In addition, vanilla KubeFlow leaves the data management solution up to the individual users and relies on users to integrate their own ingress/egress/tracking/versioning of data in TFJobs, notebooks, etc. This is good in that it provides flexibility for users, but many users will want a scalable and unified way of managing and versioning data sets and connecting those to corresponding processing (e.g., with TF).

From the Pachyderm perspective

Pachyderm is already allowing users to build scalable, tracked, and manageable ML/AI pipelines on Kubernetes. However, for the most part (outside of GPU usage and some custom solutions), these pipelines rely on single node (non-distributed) training (although Pachyderm can automatically parallelize map/reduce style processing for these stages).

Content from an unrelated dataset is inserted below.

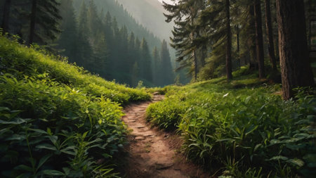 Misty forest path through lush green landscape
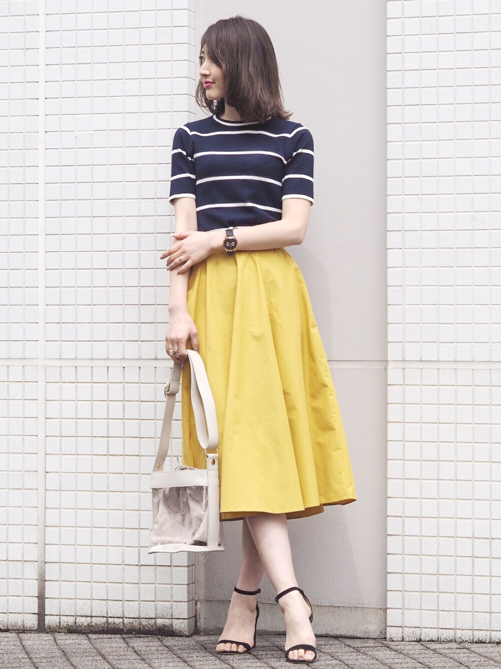 マスタードカラーのスカートは、マリンアイテムと合わせてみました♡

Pachyderm is managing production model development workflows on GPU instances, but its users frequently ask how they integrate distributed model training with things like TF distributed or Spark. Thus, Pachyderm needs a way to enable these distributed frameworks to run as stages of a Pachyderm pipeline, thus giving its users access to accelerated training paired with scalable data management and pipelining.

Moreover, anything that can be done to ease the burden of deploying these frameworks and tools on Kubernetes will benefit the Pachyderm ecosystem and its users. For example, easily spinning up TF serving would be useful to Pachyderm users, because they could automatically egress models from Pachyderm to TF serving and manage/version that workflow in a unified way.

Pachyderm + KubeFlow

Pachyderm + KubeFlow will satisfy these needs from both the KubeFlow and Pachyderm perspective. Pachyderm can provide the pipeline/orchestration/data management pieces missing with KubeFlow, and KubeFlow can provide the ease of deployment and distributed framework integrations that are missing in Pachyderm.

Use Cases

  • I have tested out distributed TF training in a Jupyter notebook, but now I want to hook that training into my ETL pipeline and/or integrate large scale data with its corresponding pre-processing stages.
  • I have my TF model development workflow running as a pipeline in Pachyderm, but I need to scale my training using TF distributed.
  • I want to unify my management of model training and deployment/inference in a way that maintains versions of models and provides data provenance for my results.
  • I want to both easily deploy the various data science, ML, AI frameworks I need to use on k8s and stitch those together in a data pipeline.
  • I need to automatically trigger model training and/or inference based on new data.
  • I want to utilize the framework deployed with KubeFlow to also manage large scale data on the same cluster, such that I can ingress/egress data to/from KubeFlow components.

Goals

  • Trigger TFJobs from Pachyderm
    • Allow users to trigger these jobs without modifying their TF code
    • Support both distributed and non-distributed training
  • Implement a mechanism to transfer data to/from TFJobs that are launched by Pachyderm.
  • Implement a mechanism to egress models trained and versioned in Pachyderm to TF serving, as deployed by KubeFlow.
  • Deploy Pachyderm in a manner consistent with the rest of the KubeFlow offerings.

Workflow

kubeflow_pachyderm_proposal

Fig. 1 Distributed training as part of a Pachyderm pipeline

As shown in Fig. 1, users can manage their data sets in Pachyderm distributed file system, and have various stages of processing (e.g., pre-processing) that run as normal Pachyderm pipelines stages. However, the model training stage of the Pachyderm pipeline would trigger a TFJob via KubeFlow that would run distributed (or not) training via TF. The Pachyderm pipeline stage would wait for this Job to complete and then version any output data from the TFJob (e..g, the serialize *.pb file from TF) as output in Pachyderm. This back and forth of data and the corresponding mechanisms are discussed below. In addition, users could pull in other external data (e.g., from databases, HDFS, etc.) in the TFJob if they wanted (similar to how this could be done in any other Pachyderm pipeline stage).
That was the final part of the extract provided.